With the help of the team at Sense About Science, I was able to get in touch with Asthma UK, who directed me to their website containing information about complementary therapies for asthma, which includes using salt.
They informed me that it is important to emphasise that these are complementary treatments – not alternative therapies – meaning that they should not be used as alternatives to conventional treatments. This is because complementary therapies have not undergone the same amount of scientific scrutiny as conventional medicines, and therefore there’s not very much scientific evidence to show they work or that they are even safe. So back to my original question of whether to add salt or not for treating asthma, Asthma UK gives the following advice:
“The latest guidelines on the management of asthma don't mention salt pipes or speleotherapy as there isn't any scientific evidence to show that either may help asthma.”

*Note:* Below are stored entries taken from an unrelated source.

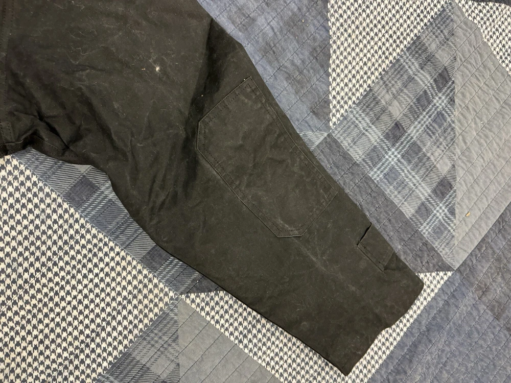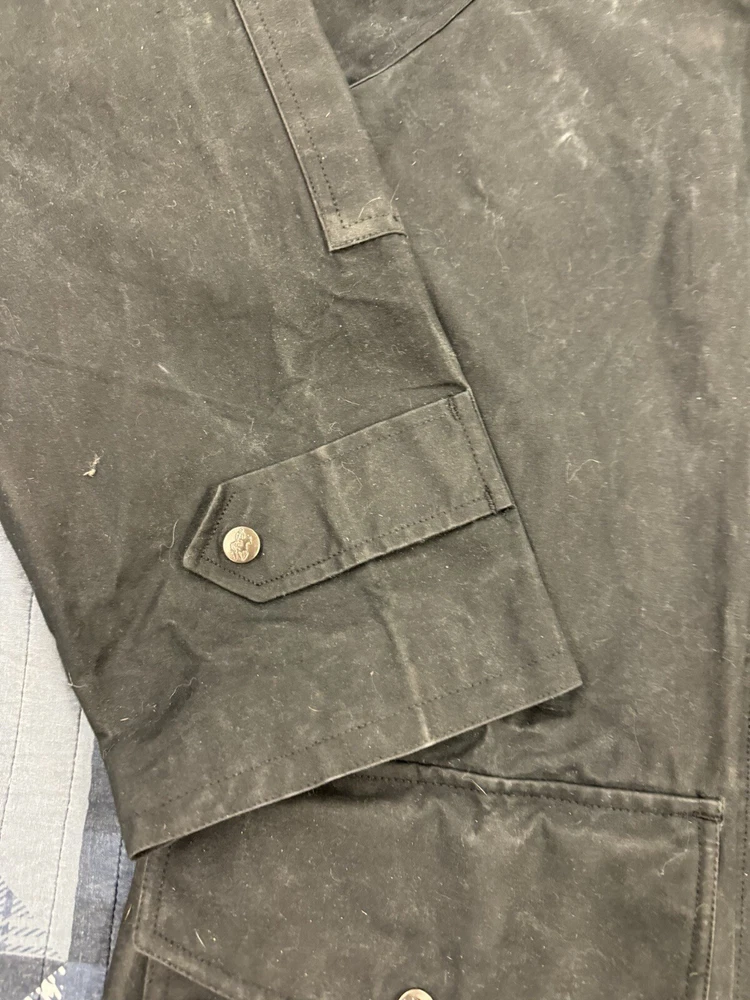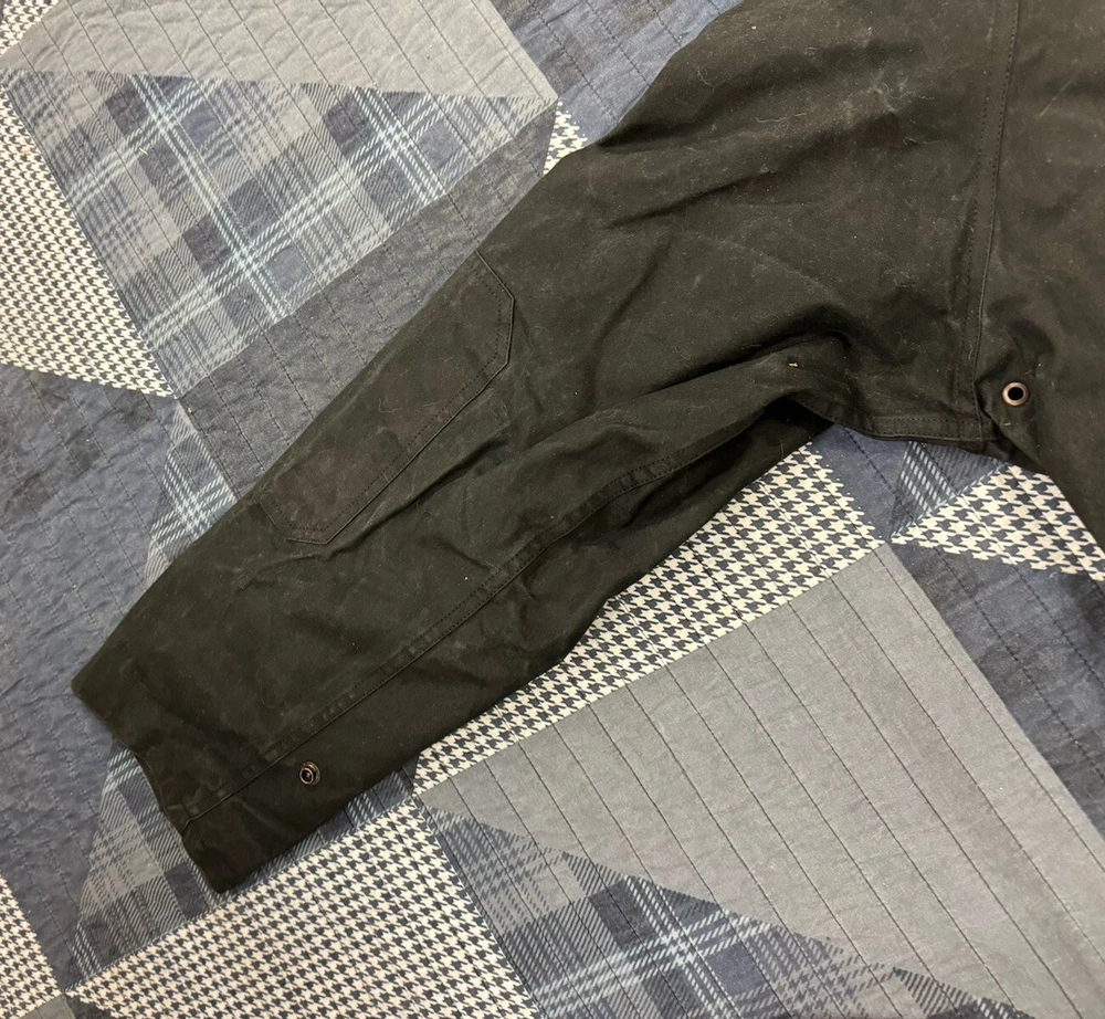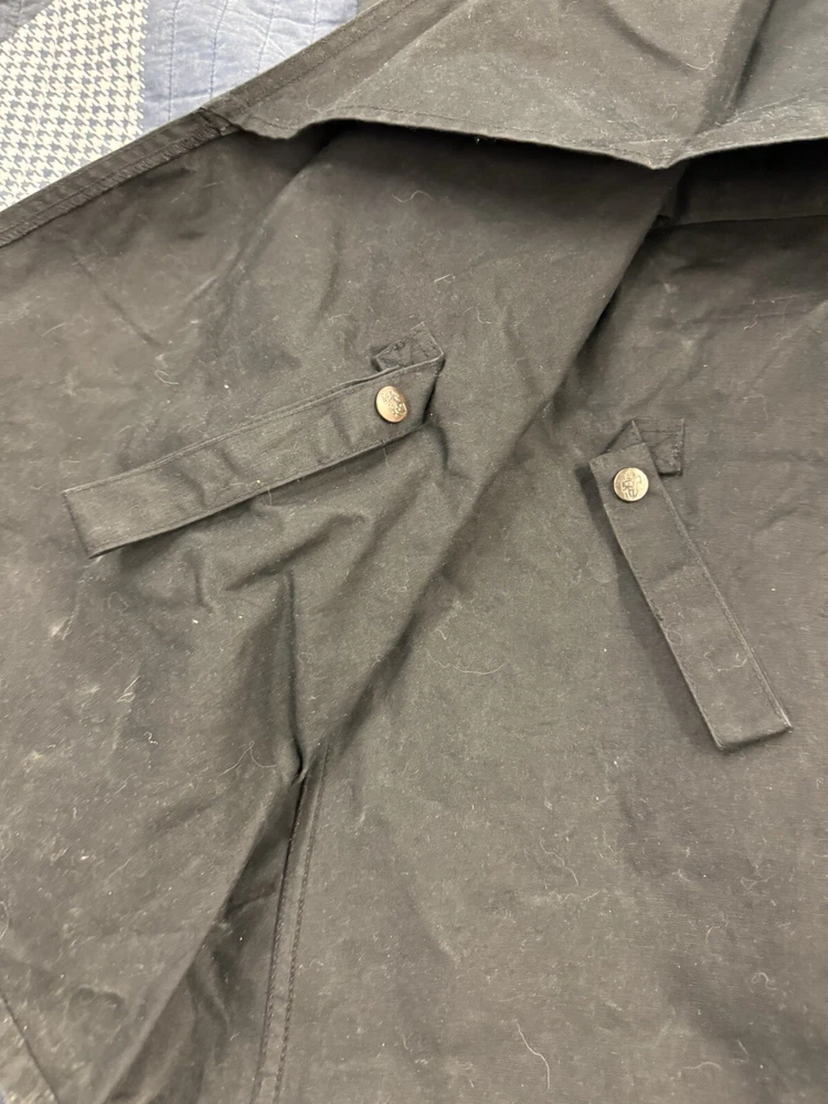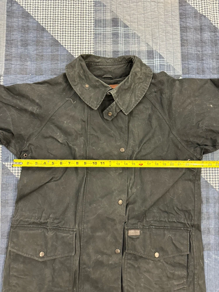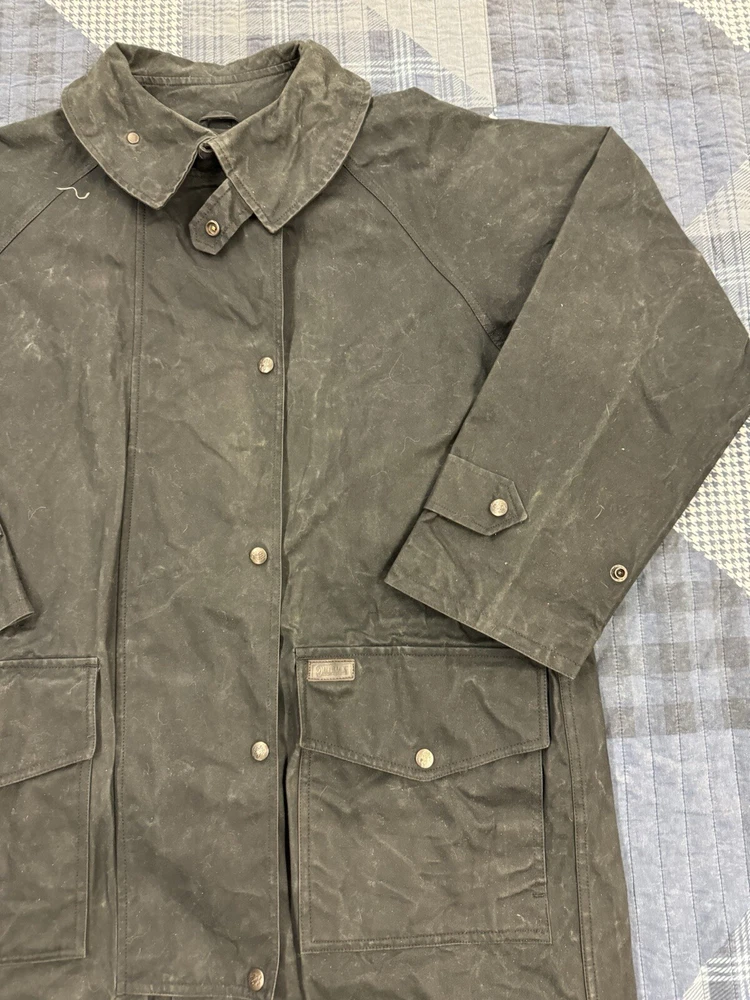 This vintage Australian Outback Collection Drover Oil Coat Duster from the 90s is a stylish and functional piece for men in size M. Made from oilskin cotton canvas with a black color and a long trench coat length, the coat features a snap closure and a leather collar. It is designed with weather-resistant properties such as waterproof and windproof features, making it suitable for all seasons. The coat also includes practical elements like pockets and a bodywarmer, providing both style and utility for casual occasions.
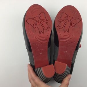 In excellent preowned condition, small faded dark blemish on suede inside left shoe (photo), small scuff on black leather on outside of left shoe (photo)
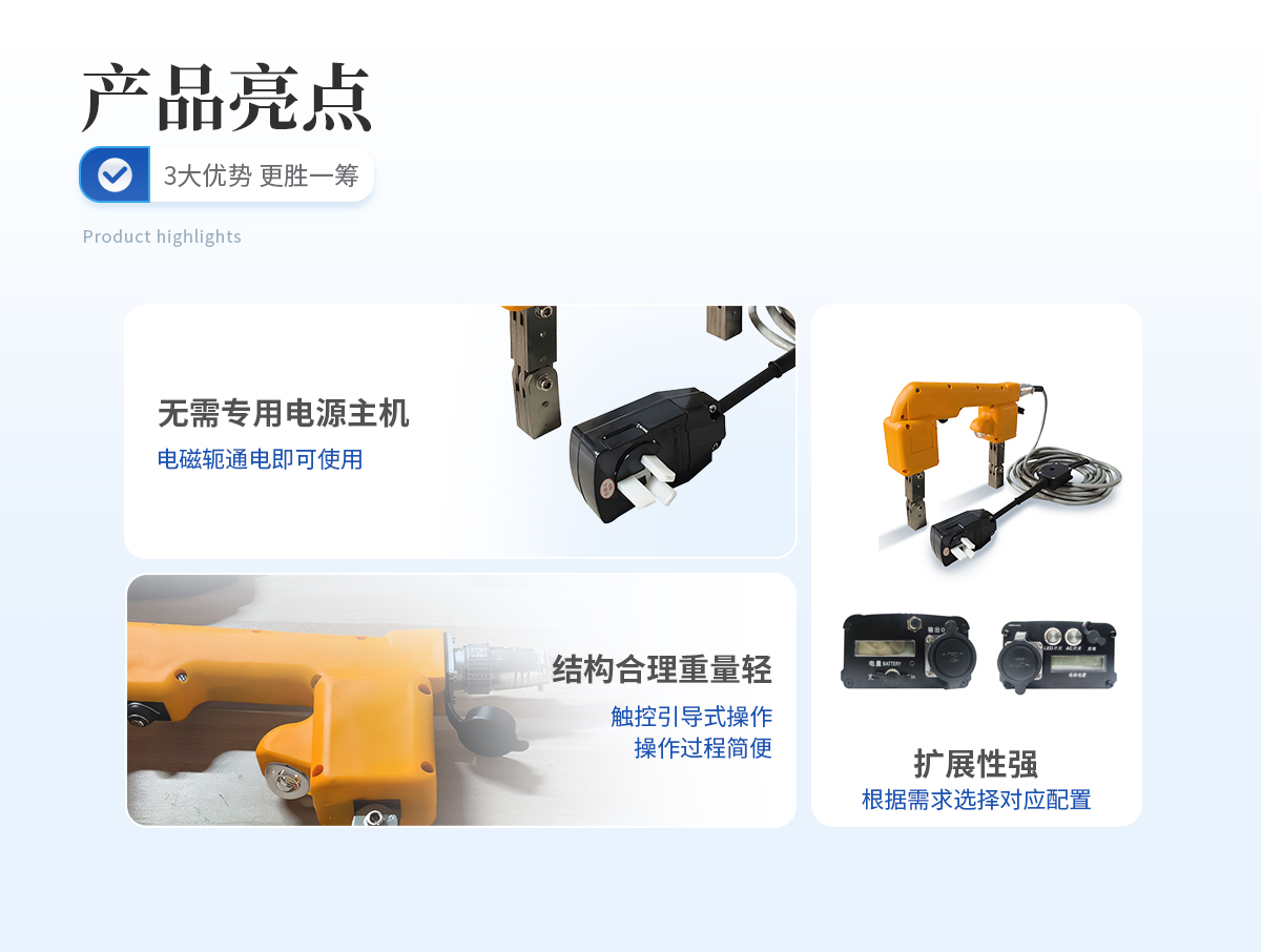 | 1、 無(wú)需專用電源主機(jī),電磁軛通電即可使用; | 2、 體積小巧,重量輕; | 3、 開(kāi)模制作,結(jié)構(gòu)合理,手感舒適; | 4、 磁軛標(biāo)配白光燈,可選熒光燈(不額外加費(fèi)用); | 5、 配專用儀器箱; | 6、 擴(kuò)展性強(qiáng),可根據(jù)需要增配對(duì)應(yīng)的專用電池包,通過(guò)專用電源來(lái)實(shí)現(xiàn)交流、直流磁化功能??蓾M足不方便拖電源線的場(chǎng)所使用。 |

Asthma is a major health concern for people in the UK. We need more accountability and transparency from companies claiming to have treatments or remedies, so that the proper scientific evidence for asthma treatments is made clear and accessible for people. Also, if you’re like me and want to be able to understand the different claims about asthma from clear and reliable evidence, check out the new guide from Sense About Science on Making Sense of Allergies.
Asthma UK advises that the best course of action is to always check with your GP or asthma nurse before trying a new complementary therapy.